_What needs to be done_
What must be returned is the number of lines in the records holding the word "meses", with no other text.

_Data shown_
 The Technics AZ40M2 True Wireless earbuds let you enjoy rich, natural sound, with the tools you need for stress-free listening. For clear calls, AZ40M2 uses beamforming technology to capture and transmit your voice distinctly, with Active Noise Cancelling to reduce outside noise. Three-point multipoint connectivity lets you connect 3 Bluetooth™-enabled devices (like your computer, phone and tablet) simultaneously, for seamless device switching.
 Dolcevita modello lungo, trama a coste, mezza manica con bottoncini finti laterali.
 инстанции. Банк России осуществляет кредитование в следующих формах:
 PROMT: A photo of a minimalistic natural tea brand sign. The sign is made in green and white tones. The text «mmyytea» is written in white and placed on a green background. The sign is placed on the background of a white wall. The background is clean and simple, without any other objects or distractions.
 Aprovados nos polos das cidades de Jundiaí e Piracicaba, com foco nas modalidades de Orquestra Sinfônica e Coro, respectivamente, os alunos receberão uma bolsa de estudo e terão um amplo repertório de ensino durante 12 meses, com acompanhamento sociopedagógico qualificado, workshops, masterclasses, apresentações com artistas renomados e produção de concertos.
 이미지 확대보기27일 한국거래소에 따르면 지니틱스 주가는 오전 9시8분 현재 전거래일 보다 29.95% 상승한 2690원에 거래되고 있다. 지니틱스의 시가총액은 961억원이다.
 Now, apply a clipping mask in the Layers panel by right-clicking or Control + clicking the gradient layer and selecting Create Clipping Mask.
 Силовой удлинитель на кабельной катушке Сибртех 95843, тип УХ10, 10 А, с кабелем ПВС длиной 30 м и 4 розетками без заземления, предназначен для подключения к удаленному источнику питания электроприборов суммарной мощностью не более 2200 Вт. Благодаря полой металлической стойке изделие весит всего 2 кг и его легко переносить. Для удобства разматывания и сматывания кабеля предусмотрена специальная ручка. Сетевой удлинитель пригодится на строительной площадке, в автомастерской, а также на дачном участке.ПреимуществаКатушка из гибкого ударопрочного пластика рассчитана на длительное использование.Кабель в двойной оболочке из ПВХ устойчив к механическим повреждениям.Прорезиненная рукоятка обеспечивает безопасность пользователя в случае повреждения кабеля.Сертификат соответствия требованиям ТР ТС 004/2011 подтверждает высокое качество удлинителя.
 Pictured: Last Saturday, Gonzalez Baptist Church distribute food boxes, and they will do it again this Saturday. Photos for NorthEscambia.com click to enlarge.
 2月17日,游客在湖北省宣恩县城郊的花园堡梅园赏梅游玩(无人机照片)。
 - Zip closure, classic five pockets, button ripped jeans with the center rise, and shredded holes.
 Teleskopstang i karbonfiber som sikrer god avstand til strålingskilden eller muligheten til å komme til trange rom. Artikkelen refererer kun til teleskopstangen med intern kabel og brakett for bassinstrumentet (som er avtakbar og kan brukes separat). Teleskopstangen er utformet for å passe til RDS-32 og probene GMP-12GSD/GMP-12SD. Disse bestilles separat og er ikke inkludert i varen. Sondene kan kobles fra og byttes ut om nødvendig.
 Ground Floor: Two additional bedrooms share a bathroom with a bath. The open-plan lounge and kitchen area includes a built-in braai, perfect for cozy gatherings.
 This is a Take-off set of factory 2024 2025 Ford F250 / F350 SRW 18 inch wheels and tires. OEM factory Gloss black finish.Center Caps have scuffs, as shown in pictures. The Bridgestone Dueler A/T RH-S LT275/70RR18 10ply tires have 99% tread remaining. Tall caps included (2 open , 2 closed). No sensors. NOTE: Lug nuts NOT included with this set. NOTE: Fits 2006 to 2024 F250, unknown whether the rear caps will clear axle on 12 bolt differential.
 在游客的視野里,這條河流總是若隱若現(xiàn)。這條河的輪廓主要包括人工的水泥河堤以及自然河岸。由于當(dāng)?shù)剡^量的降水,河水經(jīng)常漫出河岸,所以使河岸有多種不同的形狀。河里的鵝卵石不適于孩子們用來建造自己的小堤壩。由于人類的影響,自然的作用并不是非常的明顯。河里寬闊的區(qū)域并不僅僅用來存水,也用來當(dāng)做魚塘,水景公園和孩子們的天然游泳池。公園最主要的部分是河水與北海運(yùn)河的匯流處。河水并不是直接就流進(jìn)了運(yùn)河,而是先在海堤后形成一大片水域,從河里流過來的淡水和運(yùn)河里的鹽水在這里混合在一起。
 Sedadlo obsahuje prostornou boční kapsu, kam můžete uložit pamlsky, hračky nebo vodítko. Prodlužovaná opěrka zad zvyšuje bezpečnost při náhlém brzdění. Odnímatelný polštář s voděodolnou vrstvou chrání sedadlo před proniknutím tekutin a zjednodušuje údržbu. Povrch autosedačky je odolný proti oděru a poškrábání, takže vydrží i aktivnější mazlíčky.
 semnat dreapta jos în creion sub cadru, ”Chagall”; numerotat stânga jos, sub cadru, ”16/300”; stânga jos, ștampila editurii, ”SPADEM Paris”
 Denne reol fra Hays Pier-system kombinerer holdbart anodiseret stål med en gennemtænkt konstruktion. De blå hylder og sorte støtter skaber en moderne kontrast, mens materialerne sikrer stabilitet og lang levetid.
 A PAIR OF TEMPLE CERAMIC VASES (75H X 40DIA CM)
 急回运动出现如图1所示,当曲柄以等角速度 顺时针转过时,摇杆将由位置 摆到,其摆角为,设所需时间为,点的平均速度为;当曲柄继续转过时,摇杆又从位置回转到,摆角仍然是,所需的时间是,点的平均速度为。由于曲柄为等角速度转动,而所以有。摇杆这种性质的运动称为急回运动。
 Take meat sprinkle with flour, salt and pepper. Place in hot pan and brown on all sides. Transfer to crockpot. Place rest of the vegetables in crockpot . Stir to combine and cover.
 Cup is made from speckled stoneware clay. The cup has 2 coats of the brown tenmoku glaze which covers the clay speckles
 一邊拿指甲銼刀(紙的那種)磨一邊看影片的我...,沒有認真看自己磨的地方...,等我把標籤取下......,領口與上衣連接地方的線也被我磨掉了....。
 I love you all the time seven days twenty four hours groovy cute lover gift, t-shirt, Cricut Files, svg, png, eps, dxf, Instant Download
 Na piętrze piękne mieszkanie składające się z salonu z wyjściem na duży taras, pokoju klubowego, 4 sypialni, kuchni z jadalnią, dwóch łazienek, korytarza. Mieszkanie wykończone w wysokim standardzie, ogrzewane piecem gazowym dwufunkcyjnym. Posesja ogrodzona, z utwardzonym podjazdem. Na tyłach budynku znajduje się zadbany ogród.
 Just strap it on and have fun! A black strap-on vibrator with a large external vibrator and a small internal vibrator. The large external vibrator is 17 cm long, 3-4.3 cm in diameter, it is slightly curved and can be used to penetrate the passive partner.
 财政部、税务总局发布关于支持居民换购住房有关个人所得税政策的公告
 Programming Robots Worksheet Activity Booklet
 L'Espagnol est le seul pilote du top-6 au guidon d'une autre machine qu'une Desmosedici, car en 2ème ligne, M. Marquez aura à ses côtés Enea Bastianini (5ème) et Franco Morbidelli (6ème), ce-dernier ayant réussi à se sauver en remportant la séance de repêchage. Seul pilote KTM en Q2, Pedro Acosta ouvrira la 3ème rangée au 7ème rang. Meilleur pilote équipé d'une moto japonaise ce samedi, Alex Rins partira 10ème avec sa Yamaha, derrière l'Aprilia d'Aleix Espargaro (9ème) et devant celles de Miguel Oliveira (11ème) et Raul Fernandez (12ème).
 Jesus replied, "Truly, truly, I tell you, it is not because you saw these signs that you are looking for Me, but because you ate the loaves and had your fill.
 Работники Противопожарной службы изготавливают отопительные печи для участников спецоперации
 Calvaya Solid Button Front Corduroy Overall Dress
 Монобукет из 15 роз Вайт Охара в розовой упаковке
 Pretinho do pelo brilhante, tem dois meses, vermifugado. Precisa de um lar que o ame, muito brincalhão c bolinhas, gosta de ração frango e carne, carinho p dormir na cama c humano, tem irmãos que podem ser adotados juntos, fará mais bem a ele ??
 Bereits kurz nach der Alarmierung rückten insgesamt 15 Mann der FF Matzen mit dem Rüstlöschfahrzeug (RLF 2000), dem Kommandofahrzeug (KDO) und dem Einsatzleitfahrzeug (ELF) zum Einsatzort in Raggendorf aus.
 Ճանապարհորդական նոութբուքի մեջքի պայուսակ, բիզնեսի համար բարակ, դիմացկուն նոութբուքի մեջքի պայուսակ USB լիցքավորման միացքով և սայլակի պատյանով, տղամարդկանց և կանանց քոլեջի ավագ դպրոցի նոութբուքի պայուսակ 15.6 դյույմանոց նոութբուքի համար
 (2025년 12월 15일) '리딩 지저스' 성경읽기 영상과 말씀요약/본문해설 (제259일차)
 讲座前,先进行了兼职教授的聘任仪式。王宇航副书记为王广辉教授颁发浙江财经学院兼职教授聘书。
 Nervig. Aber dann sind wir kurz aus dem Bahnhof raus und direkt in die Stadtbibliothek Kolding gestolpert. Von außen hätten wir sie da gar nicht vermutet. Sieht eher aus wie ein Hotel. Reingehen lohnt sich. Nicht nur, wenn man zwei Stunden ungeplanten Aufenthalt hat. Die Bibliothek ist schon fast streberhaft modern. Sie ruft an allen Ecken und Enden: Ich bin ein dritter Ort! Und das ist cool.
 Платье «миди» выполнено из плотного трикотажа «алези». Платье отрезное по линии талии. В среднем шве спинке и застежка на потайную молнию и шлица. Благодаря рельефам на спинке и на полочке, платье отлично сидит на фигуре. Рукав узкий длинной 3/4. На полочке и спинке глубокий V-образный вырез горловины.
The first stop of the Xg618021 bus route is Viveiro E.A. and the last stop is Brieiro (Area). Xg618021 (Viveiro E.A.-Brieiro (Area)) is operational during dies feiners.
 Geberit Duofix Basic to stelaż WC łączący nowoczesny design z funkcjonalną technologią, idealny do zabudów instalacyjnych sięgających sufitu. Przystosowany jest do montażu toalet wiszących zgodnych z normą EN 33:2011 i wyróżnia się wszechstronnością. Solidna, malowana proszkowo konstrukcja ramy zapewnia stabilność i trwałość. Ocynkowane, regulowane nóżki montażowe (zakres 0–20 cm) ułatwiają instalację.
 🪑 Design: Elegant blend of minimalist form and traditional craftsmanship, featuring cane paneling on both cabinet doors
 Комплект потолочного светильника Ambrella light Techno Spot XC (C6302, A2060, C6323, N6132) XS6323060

_Reply_
2